Друг жениха был на высоте. И теперь все вокруг, гоготнув, стукали кулаком по спине, повторяли: «Ты следующий, вот это ты влип». Женатые говорили: «Ну мы тебе быстро невесту найдем».
Другие предметы невестиного наряда разыграны не были. Но это еще не конец, может, будут.
Улыбайся. Что люди подумают? Спину прямо. Подумай уже о других, каково им смотреть на кислую рожу.
Невозможно душно.
Туфля спадает со стертой ноги. Кира смотрит на кровь отстраненно, совсем не как на свою. Надо же, сколько ее натекло — темной, стылой, разоблачавшей мягкую тонкую замшу. Так долго глядит на рану, что кровь прекращает свой бег. Мутило от музыки. Голова шла кругом от мелькания тамады. Под нос Кире, прямиком над тарелкой, сунули детский горшок. Надо сказать, очень вовремя. На синем дне лежали банкноты — собирали туда деньги на мальчика. Кира помотала головой. Дождалась розового горшка.
— Поровну! — огласили свидетели, покопавшись в их содержимом.
— На мальчика! — перекричала всех мать жениха, кинувшись к сборщикам с пачкой мелких купюр.
— Мальчик! — тут же согласились свидетели.
Друзья жениха взревели. Наследник, пацан, будущий футболист. На рыбалку вместе поедут.
Невеста огладила бисер на животе. Тот или та, кто сидел там внутри, не стал бы меняться в угоду голосовавшим.
Продираясь сквозь духоту — падает, давит, — Кира глянула на молодых за отдельным столом, свадебные король с королевой под монограммой изсвившихся, слипшихся, поглощавших друг друга букв, под когда-то живыми цветами, понатыканными тут и там, сопревшими в нагретом зале. Жених очень осторожно поправил невестино платье, сбившееся в танцах, а она накрыла его руку своей и улыбнулась так хорошо.
И Кира подумала: «Что за дела? Как мне вас теперь презирать?»
Тамада, воинственно размахивая теркой и вроде морковью, взвизгнула: мол, новый конкурс, только для смелых гостей.
Как же невыносимо душно.
— Не, ну видно, прям видно, что с области — столько вбухать бабла и такой вот колхоз закатить, — доносилось тягуче и важно, сквозь салаты во рту.

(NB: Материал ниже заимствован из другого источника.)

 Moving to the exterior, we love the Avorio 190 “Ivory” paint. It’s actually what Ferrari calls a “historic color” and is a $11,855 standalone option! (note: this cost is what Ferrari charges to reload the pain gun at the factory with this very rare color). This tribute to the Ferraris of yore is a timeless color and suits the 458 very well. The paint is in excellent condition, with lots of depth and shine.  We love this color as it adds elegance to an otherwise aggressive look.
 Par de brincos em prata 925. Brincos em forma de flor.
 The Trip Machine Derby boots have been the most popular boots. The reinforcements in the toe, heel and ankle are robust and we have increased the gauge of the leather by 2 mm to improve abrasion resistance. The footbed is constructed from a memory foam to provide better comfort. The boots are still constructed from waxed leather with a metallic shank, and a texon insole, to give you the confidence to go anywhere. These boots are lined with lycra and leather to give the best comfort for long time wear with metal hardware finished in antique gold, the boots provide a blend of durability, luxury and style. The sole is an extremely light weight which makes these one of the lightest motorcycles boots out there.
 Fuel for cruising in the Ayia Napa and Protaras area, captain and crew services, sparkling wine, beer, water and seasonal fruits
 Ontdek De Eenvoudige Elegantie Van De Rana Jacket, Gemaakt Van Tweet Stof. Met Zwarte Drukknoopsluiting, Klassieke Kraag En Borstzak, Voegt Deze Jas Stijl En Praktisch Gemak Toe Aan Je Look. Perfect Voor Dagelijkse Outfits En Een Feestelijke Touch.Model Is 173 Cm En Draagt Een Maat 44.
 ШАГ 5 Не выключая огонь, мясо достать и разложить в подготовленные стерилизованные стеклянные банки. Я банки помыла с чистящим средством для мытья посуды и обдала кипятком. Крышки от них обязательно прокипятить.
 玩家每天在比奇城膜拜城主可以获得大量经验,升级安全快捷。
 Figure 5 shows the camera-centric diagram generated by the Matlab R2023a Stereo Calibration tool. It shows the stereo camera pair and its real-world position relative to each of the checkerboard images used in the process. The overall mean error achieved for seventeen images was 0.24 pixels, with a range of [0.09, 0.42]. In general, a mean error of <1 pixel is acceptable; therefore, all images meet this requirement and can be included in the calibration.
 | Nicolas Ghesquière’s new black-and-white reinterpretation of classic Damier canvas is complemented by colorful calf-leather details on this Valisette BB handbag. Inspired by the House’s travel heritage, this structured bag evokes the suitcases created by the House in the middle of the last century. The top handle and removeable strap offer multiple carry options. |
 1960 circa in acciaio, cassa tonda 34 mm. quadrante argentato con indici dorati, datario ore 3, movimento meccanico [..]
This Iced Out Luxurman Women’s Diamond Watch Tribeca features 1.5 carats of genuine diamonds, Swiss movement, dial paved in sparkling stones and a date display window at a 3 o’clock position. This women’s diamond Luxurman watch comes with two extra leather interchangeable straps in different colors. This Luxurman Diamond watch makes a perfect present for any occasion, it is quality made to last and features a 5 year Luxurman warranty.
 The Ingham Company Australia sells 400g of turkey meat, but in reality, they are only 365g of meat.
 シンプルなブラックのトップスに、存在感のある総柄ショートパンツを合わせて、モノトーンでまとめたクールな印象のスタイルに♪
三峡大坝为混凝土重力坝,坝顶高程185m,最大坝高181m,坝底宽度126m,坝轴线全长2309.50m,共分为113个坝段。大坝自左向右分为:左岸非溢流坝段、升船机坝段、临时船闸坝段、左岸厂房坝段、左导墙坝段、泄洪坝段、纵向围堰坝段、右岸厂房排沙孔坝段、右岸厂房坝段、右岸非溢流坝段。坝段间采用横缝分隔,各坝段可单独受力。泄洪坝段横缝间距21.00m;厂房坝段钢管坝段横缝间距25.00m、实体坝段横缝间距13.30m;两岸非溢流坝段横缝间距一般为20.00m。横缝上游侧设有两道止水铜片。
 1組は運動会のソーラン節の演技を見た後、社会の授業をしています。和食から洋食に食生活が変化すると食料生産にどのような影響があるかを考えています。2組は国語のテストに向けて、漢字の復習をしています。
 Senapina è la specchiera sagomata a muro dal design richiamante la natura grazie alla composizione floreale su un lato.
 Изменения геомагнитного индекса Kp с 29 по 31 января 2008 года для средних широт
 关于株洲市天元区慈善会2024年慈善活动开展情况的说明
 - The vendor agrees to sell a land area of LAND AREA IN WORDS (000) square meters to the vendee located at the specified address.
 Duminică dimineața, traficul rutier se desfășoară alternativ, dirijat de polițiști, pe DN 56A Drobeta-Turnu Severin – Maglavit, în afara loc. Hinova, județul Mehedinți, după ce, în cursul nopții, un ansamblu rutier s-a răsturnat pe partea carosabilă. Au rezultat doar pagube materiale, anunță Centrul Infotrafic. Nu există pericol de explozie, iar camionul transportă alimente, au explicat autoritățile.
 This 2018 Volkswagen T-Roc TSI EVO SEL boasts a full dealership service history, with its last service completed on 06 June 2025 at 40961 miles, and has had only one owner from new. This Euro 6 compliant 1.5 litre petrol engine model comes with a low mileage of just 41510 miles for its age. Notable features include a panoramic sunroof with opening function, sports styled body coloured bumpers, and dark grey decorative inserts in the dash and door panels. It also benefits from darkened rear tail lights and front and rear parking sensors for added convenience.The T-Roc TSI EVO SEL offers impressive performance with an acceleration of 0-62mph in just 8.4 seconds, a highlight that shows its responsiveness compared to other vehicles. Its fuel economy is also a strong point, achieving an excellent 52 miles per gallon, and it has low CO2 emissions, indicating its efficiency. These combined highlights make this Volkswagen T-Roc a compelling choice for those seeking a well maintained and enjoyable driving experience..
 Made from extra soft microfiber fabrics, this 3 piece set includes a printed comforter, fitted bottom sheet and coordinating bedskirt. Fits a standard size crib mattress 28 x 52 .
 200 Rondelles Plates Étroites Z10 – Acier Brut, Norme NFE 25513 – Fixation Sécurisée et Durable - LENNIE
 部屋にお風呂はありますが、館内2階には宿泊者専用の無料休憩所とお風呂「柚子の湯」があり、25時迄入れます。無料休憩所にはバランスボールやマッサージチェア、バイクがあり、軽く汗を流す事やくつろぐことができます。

Музыка вдарила так, что вибрации чуялись кожей.
Быстро ли, медленно — все одно — Кира идет как будто крадется, бесшумно лавирует между людьми, не заденет ни края чужой одежды, незамеченной хочет пройти, только это не удается.
— Кирочка! — заходится кто-то, кто это, это женщина, это родственница, с кем она говорит, а, понятно, что же ей надо, может быть, можно пройти. — Кира, какое платье! Сказала как раз твоей матери, что вот, вот как надо, что и празднично, и не пошло. Хотя вот ты-то как раз можешь одеться как хочешь!
Ей вторит еще одна, и, может быть, третья, пока все ровесницы Киры кучкуются в стороне. Кира рассеянно кивает в ответ, глаза блестят чуть сильнее обычного, испарина глиттером праздничным переливается что на лбу, что над верхней губой — можно подумать, особенность макияжа.
— С твоей фигурой — хоть без ничего ходить!
Спасибо, ну что вы, это звучит, конечно, ни капли не странно. Возьму на заметку ваш дельный совет, где моя записная книжка.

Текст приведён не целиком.